▸ **What you are asked to do**
In the data below, find the line containing "西班牙超级杯决赛,巴萨3-2"; transcribe it and each line after it exactly, through the last, skipping pictures.

▸ **Exercise materials**
________________

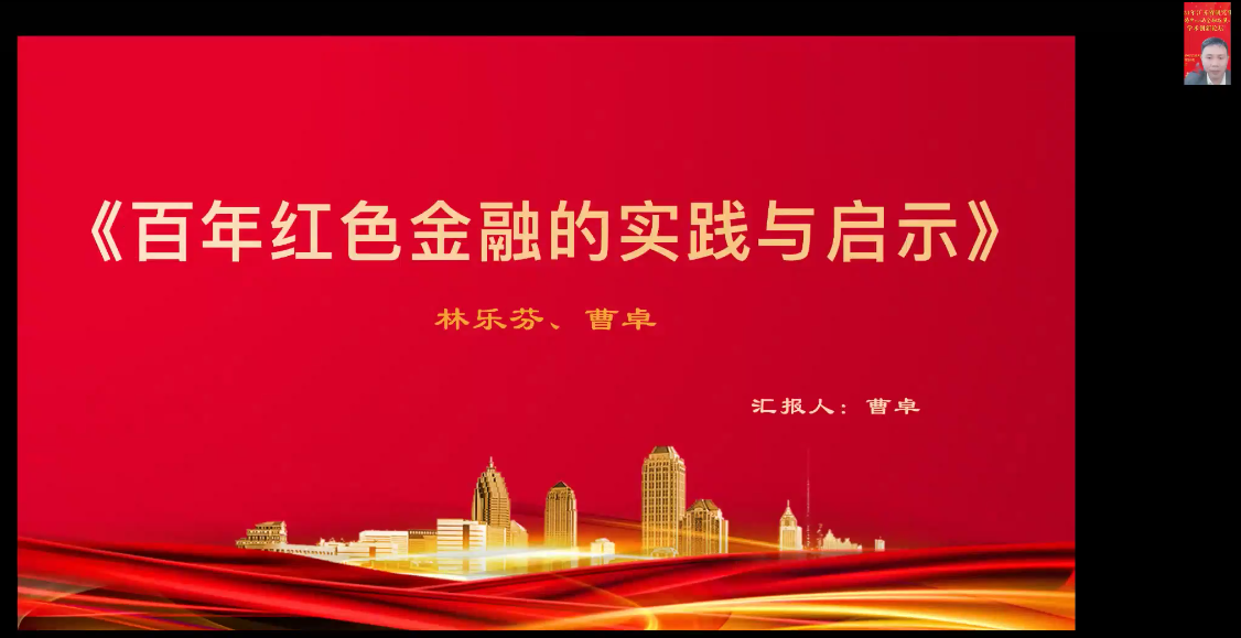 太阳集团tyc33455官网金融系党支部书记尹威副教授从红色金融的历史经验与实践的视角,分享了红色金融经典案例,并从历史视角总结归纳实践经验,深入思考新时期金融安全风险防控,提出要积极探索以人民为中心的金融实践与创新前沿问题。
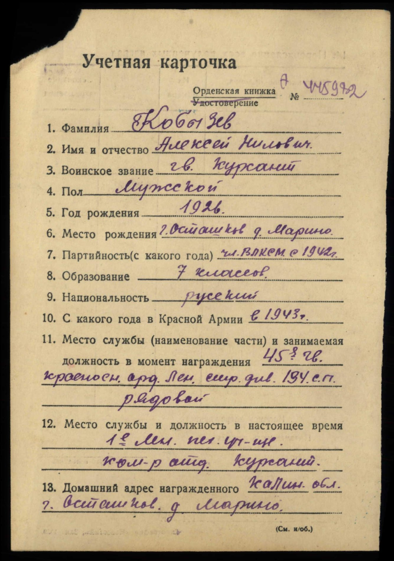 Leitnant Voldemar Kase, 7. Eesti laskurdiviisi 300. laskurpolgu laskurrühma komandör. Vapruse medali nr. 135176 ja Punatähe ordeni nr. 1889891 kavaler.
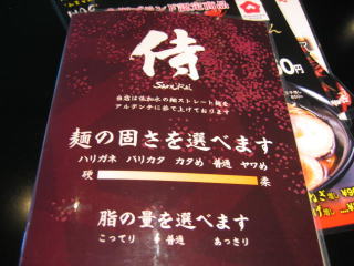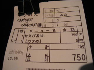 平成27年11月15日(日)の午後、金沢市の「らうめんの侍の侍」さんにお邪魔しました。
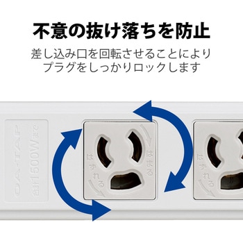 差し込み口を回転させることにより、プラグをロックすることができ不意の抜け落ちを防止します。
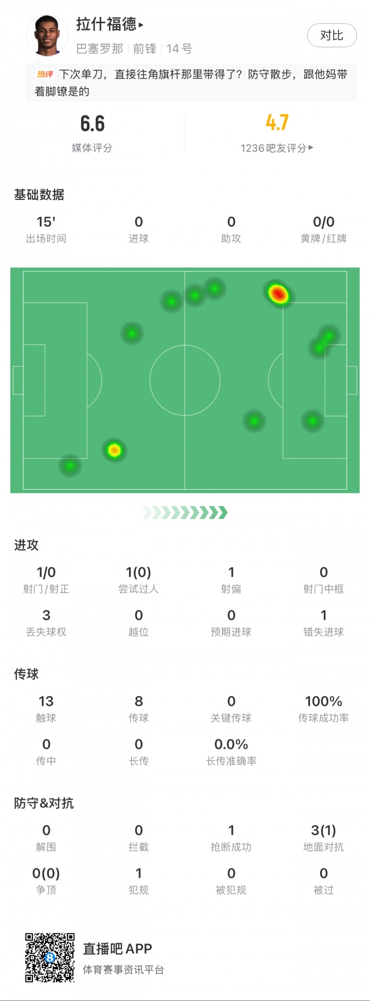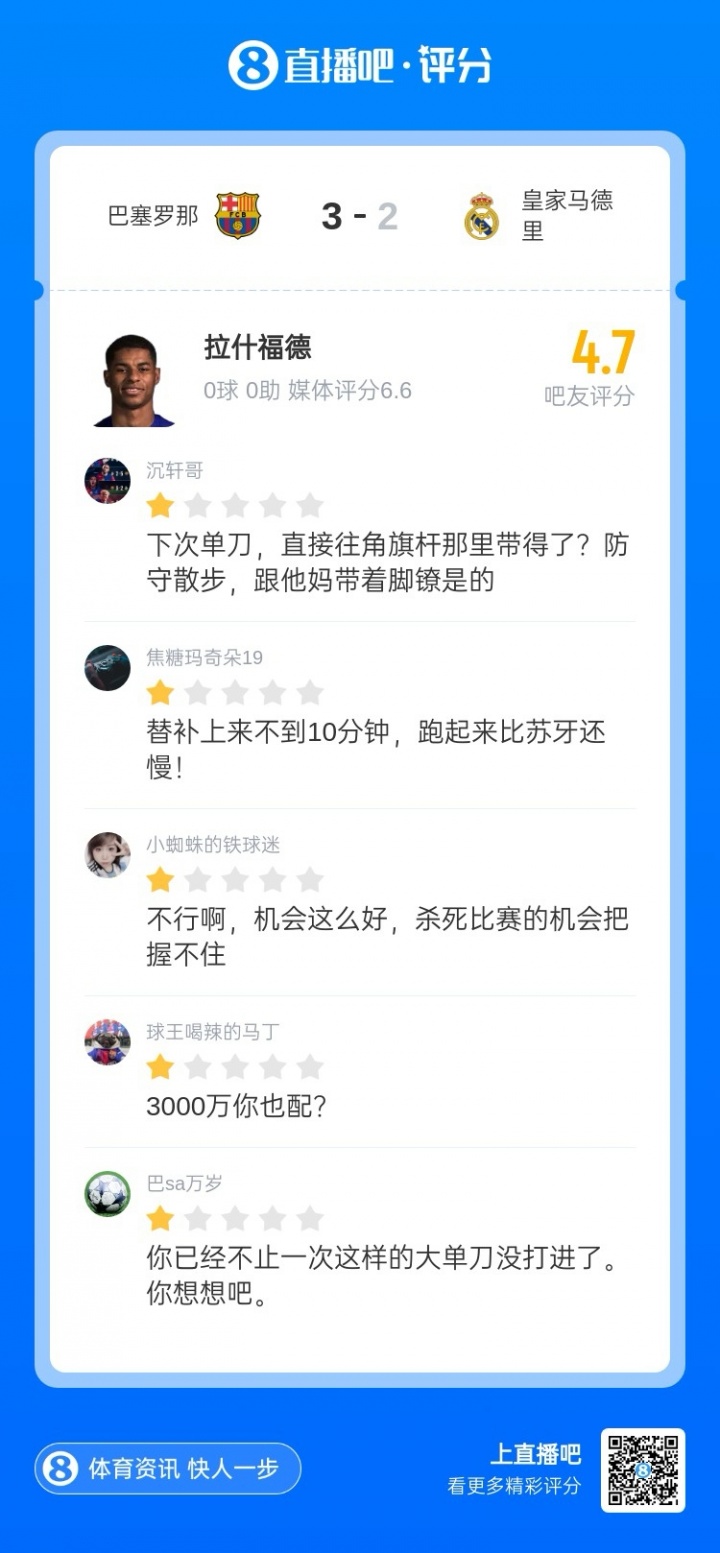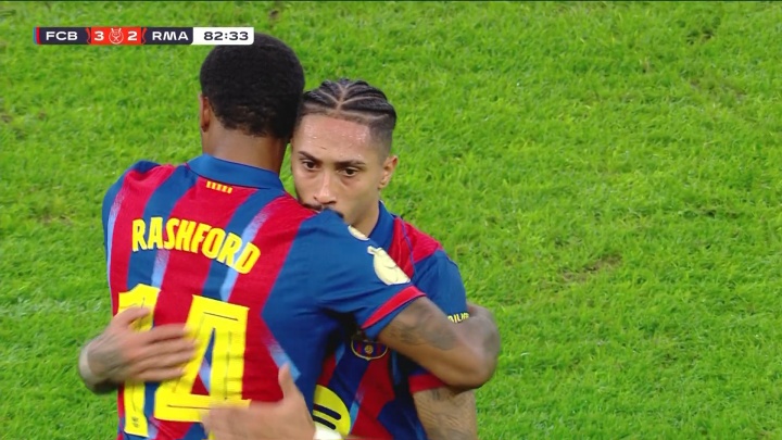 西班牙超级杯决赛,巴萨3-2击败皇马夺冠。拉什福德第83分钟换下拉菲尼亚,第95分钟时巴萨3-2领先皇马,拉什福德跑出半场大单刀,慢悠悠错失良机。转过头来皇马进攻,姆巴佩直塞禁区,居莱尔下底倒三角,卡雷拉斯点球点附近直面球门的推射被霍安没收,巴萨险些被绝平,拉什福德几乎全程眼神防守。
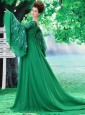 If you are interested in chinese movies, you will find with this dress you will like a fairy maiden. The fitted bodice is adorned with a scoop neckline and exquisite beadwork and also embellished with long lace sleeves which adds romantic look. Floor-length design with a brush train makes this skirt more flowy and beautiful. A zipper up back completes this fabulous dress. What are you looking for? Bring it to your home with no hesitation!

________________

▸ **Response**
 西班牙超级杯决赛,巴萨3-2击败皇马夺冠。拉什福德第83分钟换下拉菲尼亚,第95分钟时巴萨3-2领先皇马,拉什福德跑出半场大单刀,慢悠悠错失良机。转过头来皇马进攻,姆巴佩直塞禁区,居莱尔下底倒三角,卡雷拉斯点球点附近直面球门的推射被霍安没收,巴萨险些被绝平,拉什福德几乎全程眼神防守。
 If you are interested in chinese movies, you will find with this dress you will like a fairy maiden. The fitted bodice is adorned with a scoop neckline and exquisite beadwork and also embellished with long lace sleeves which adds romantic look. Floor-length design with a brush train makes this skirt more flowy and beautiful. A zipper up back completes this fabulous dress. What are you looking for? Bring it to your home with no hesitation!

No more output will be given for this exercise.